Audio and Transcript Sync issues?

Hi there! Is anyone else having audio issues where the content they are watching is miscued from where the speech is? For instance, I’ll be watching a recorded lecture, and the speaker will be three sentences ahead (or in some instances, behind) where the text underlying is, making it very difficult to follow along. It’s irregular also, in some videos it occurs, other’s it’s no issues. Some videos correct itself when I come back to it, others which never had the issue all of a sudden start doing it.

Any help is GREATLY appreciated, this is 95% what I use the app for. Reading and following along with the listening.

1 Like

That sounds like an issue with lesson timestamps. You can report issues like that and our content team will look into it and have it fixed.

1 Like

This happens when I import my own mp3 files. Lingq does a great job of providing a transcription, but the timestamps of the transcription don’t match the audio. Since I have to set all the timestamps manually, it simply isn’t worthwhile importing audio.

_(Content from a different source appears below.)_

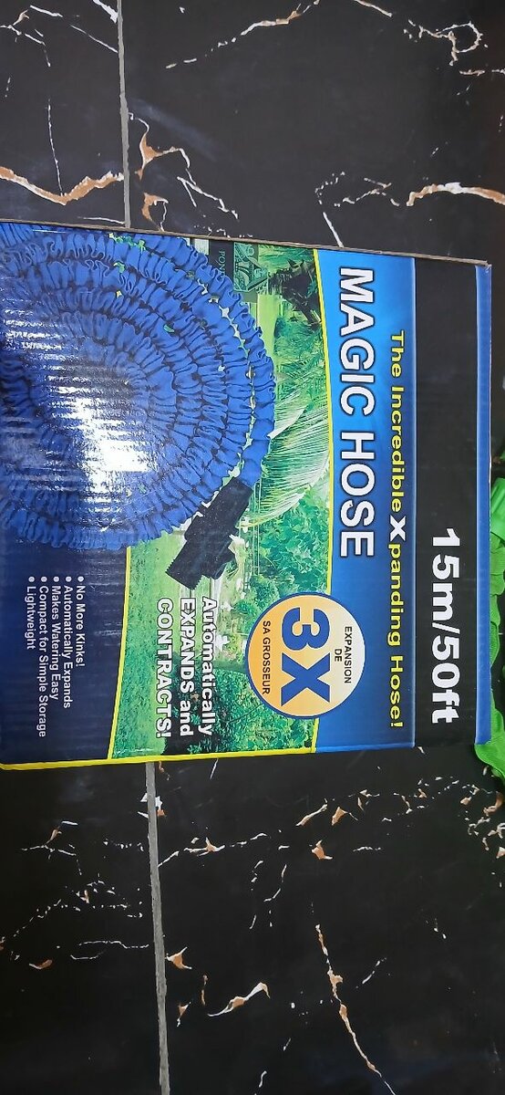 Découvrez le tuyau extensible magique de 15m, idéal pour l'arrosage efficace de votre jardin ou votre pelouse. Grâce à sa capacité d'expansion 3 fois sa taille initiale, il est facile à ranger et à utiliser. Parfait pour tous vos besoins d'arrosage, ce tuyau léger et durable est un incontournable pour les passionnés de jardinage.

Any update on this? I am finding that the imported text has not been correctly divided so it syncs with the audio. This is particularly problematic when there is a question and answer dialog between two characters in the video. Everything is correctly synced when I watch the YT video with the subtitles on, but not on the imported lesson in LingQ. Thx.

1 Like

Someone else suggested that we should click “generate timestamps”, wait for the new timestamps to be generated; close the browser completely, open a new browser session, open Lingq again, and then the timestamps are more accurate.
I’ve found that works - somewhat - but I still need to set timestamps manually for sections that have background noise or music.
I’ve started using recordings of news radio, so this approach works fairly well for me. I’ve given up using TV shows or movies. I’ve wasted far too many hours trying to import them and when I finally get them into Lingq, the timestamps aren’t even close because of all the background noise and music.
It seems strange that Lingq can do a good job of transcribing speech, but can’t synchronize the transcription with the audio. Maybe two separate software app’s are being used to create the transcription and create the timestamps, and the two app’s don’t talk to each other. The transcription software can filter out background noise, but the timestamp software doesn’t do a good job of that.

You’re right that it’s 2 different systems. And not an easy problem to solve automatically without machine learning. Transcribe is the process of taking audio files and returning timestamps and text. Forced alignment takes text and audio and guesses what the timestamps are. At this stage whisper gives more accurate results but it may be possible to implement a better forced alignment solution in future

2 Likes